Anna Politkovskaya was born in 1958. After studying at the Moscow State University, she received a diploma in journalism. Anna Politkovskaya has worked for various newspapers and collaborated with TV and radio stations.
Her works include Russia Under Putin and A Dirty War: A Russian Reporter in Chechnya (2001), a compilation of dispatches written between 1999 and 2000. A Small Corner of Hell: Dispatches from Chechnya was published in 2003.
In February 2001 Anna Politkovskaya was arrested while in southern Chechnya. She was formally accused of violating the strict laws controlling media coverage of the conflict and was ordered out of the enclave.

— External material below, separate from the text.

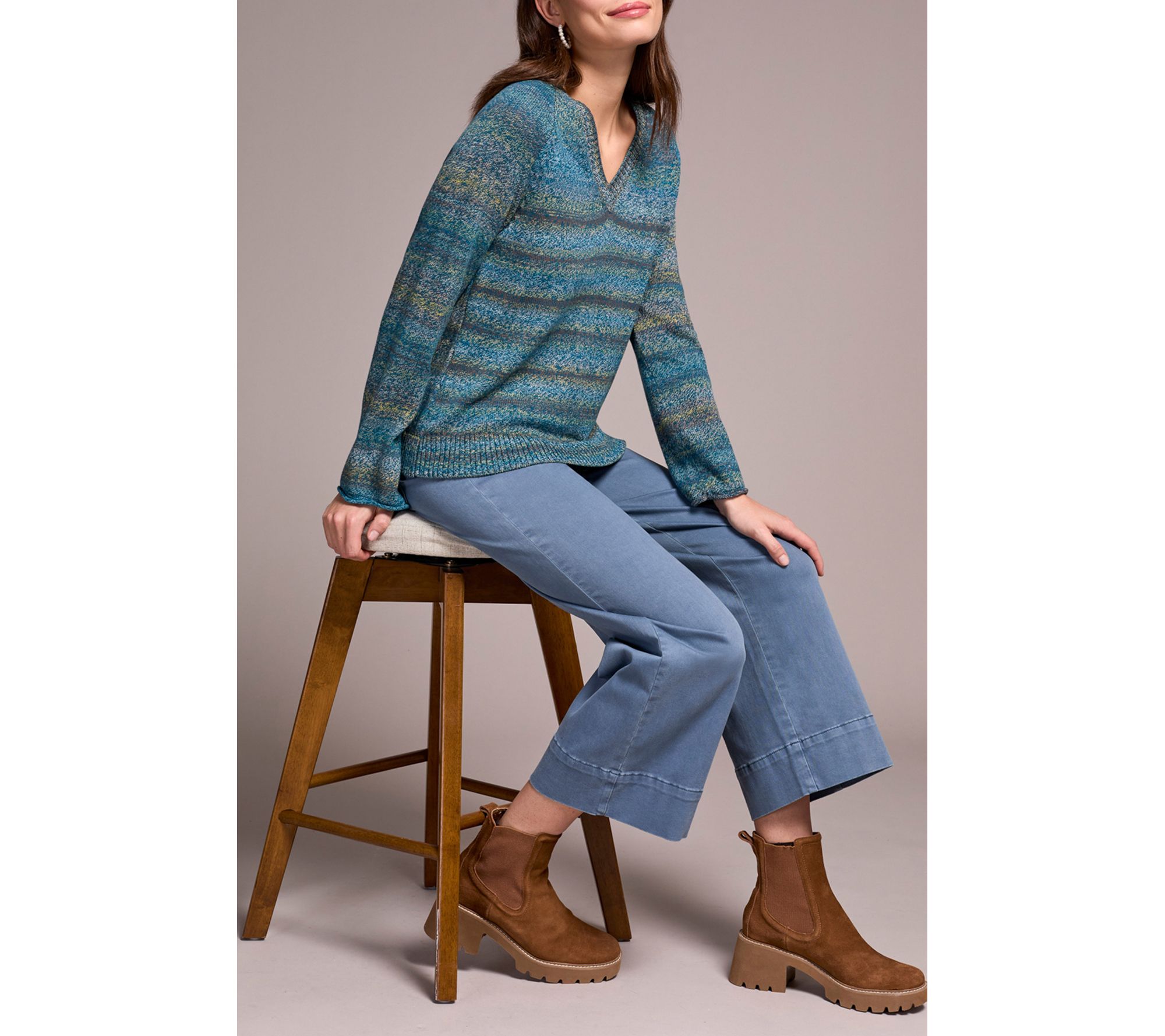 Cooler days are calling for this combed cotton sweater, soft to the touch and easy to layer for a stroll in the crisp air or a cozy evening indoors. Bold abstract stripes and a polished V-neckline bring modern flair to a timeless look, while long sleeves provide warmth without feeling bulky. From Tribal.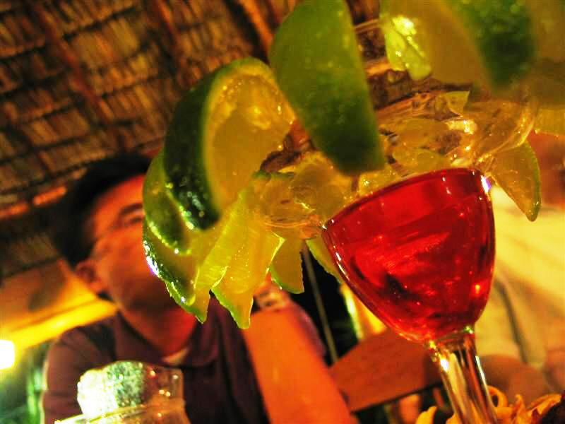 안녕! 이란 뜻의 Ola 레스또란테. 나무 기둥과 야자수 잎등으로 지붕을 만든 시원하고 큼지막한 2층 Hut으로 올라간 난 직원들과의 회식을 하러 이곳에 왔었었다. 맘씨 좋을 것 같은 푸짐한 체격의 웨이터가 제일 먼저 가져 나오는 drink 들 중에서 눈을 뗄 수 없는게 있었는데, 와우, 이리 예술적이고 독특한 모습의 칵테일 이라니! 다시 웨이터를 불러 이름을 물었더니, 타란툴라. 열대 지방의 거대한 살인 거미의 이름이었다. 어찌나 적절히 이름을 지었는지! 럼주 스트레이트를 조금씩 마시며 저 라임 슬아이스 한 조각씩 먹는 맛이라니! 거미를 생각하며 오싹한 기분과 거미 다리를 하나씩 뜯어 먹는다는 엽기적 생각이 겹쳐 더위 생각쯤은~~ ^,~

In October 2001, after receiving death threats related to her reporting in Chechnya, Anna Politkovskaya relocated to Vienna for a time. Supported by the Vienna Institute for Human Sciences, she was able to write her new book. During the hostage drama at the Nordost Theatre in 2002, Anna Politkovskaya agreed to the hostagetakers’ request to assist during negotiations.
Anna Politkovskaya was decorated with the Participant in Battles Medal for her work in the field. In addition to other awards, Anna Politkovskaya received the 2000 Golden Pen Award from the Russian Union of Journalists, the Freedom of Expression Award of the Index on Censorship, the IWMF Courage in Journalism Award, and the OSCE Prize for Journalism and Democracy.
Sunday, October 15, 2006
Politkovskaya's body was discovered in her Moscow apartment building with bullets in her head and chest, a Makarov pistol tossed at her feet. Her killing at age 48 came two months after she wrote this previously unpublished essay for "Another Sky," an English PEN book forthcoming from Profile Books in 2007.
"So what is the crime that has earned me this label of not being "one of us"? I have merely reported what I have witnessed, no more than that. I have written and, less frequently, I have spoken. I am even reluctant to comment, because it reminds me too much of the imposed opinions of my Soviet childhood and youth. It seems to me that our readers are capable of interpreting what they read for themselves. That is why my principal genre is reportage, sometimes, admittedly, with my own interjections. I am not an investigating magistrate but somebody who describes the life around us for those who cannot see it for themselves, because what is shown on television and written about in the overwhelming majority of newspapers is emasculated and doused with ideology. People know very little about life in other parts of their own country, and sometimes even in their own region."